One-liner to get distribution of the alternative allele numbers in a VCF file

The VCF format allows for multiple alternative alleles in a single variant record. The alternative alleles are specified as a comma-separated list of their bases, so one may easily estimate the distribution of the alternative allele numbers in a command line using the following one-line script:

bcftools query -f '%ALT\n' input.vcf.gz | \
    tr -d 'A-Za-z0-9<>:' | sort | uniq -c

Here we use bcftools query from the bcftools package for rapid extraction of alternative alleles from a VCF file. We need to know only the number of commas in each line, so we remove all other symbols using tr. Finally, we count lines containing the particular numbers of commas.

Example: 1000 Genomes variants on chromosome 22

Let us demonstrate the script using the VCF file of 1000 Genomes variants on chromosome 22. The file contains 1,103,547 variants, including 1,060,388 SNPs and 43,230 indels.

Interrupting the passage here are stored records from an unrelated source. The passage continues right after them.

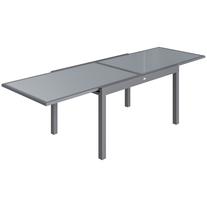 Outsunny Extending Garden Table for 6-10, Aluminium Outdoor Dining Table with Tempered Glass Top, Grey
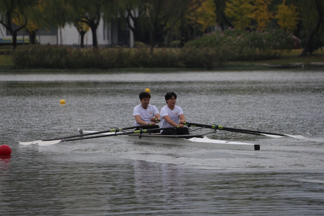我校高水平赛艇队在杨光老师的带领下,参加男子双双、男女混双两个组别的比赛。王祥煜、王家辉两位同学以预赛第一名进入决赛,最终以59秒74的成绩获得该组冠军。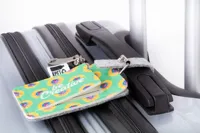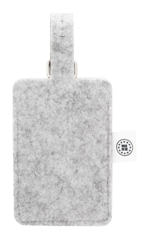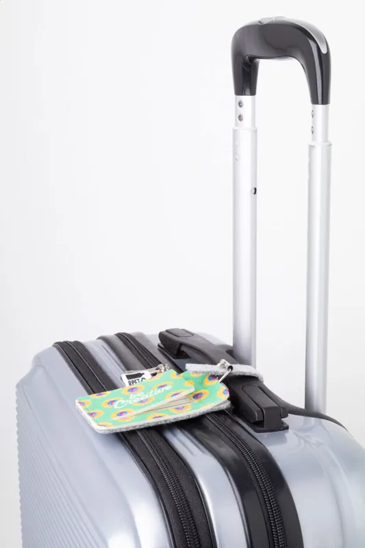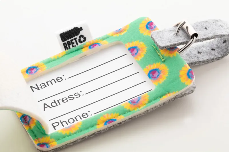 Egyedi gyártású, RPET filc bőröndcímke full-colour emblémázható előlappal, csatos zárással és papírbetéttel. Megkülönböztető RPET címkével. Az ár tartalmazza a szublimációs emblémázást. Minimális rendelési mennyiség: 50 db.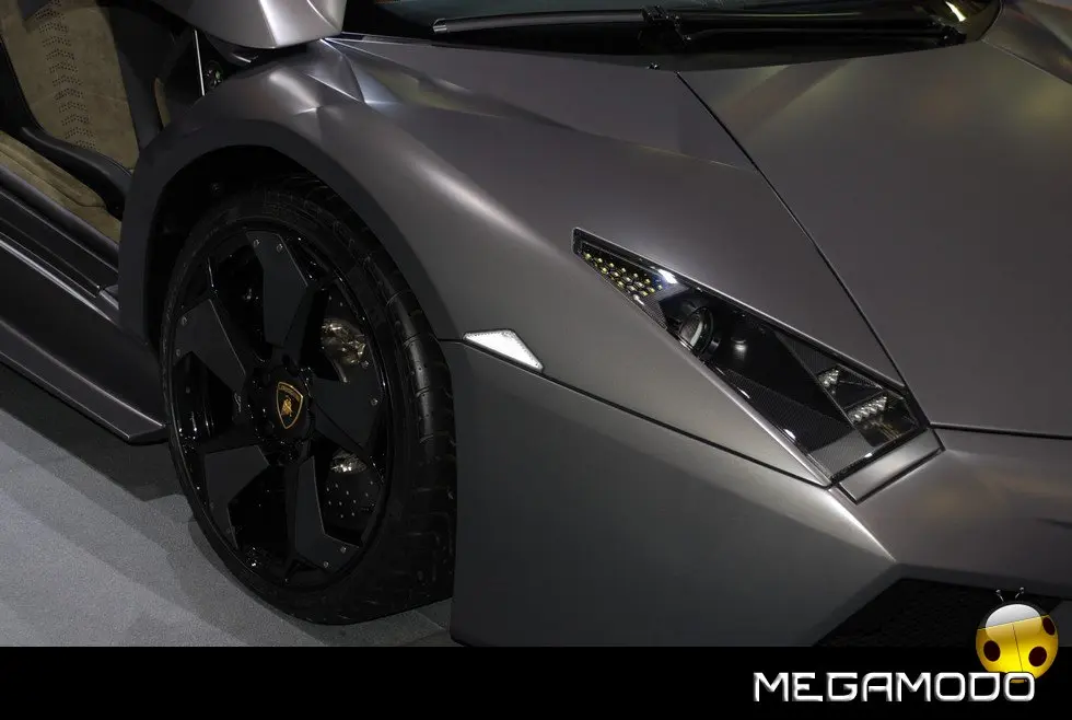 Costruita in fibra di carbonio Pur basandosi sulla Murciélago LP640, titolare di uno straordinario successo, il design esterno della Reventón è completamente nuovo. Come nel modello di base, il rivestimento esterno è realizzato in CFC, un materiale composito a base di fibra di carbonio tanto stabile quanto leggero. I componenti esterni sono incollati e fissati al telaio della Reventón in CFC e acciaio. La parte anteriore è caratterizzata dall’acuto angolo di freccia nel centro e dalle potenti prese d’aria rivolte in avanti. Certo, non alimentano aria direttamente alla turbina come in un aereo, tuttavia, tenendo conto dei 650 CV, anche per il raffreddamento dei freni carboceramici e delle pinze a sei pistoncini è necessaria un’abbondante portata d’aria.

bcftools query -f '%ALT\n' \
    ALL.chr22.phase3_shapeit2_mvncall_integrated_v5.20130502.genotypes.vcf.gz | \
    tr -d 'A-Za-z0-9<>:' | sort | uniq -c

The script produced the following output.

1097199
6073 ,
 224 ,,
  38 ,,,
   9 ,,,,
   3 ,,,,,
   1 ,,,,,,,

According to the output, most of the variants in the file are biallelic (i.e., having a reference allele and a single alternative allele) and less than 1% of them are multiallelic. Most of the multiallelic variants are triallelic (i.e., having a reference allele and two alternative alleles) and only 275 multiallelic variants have more than two alternative alleles.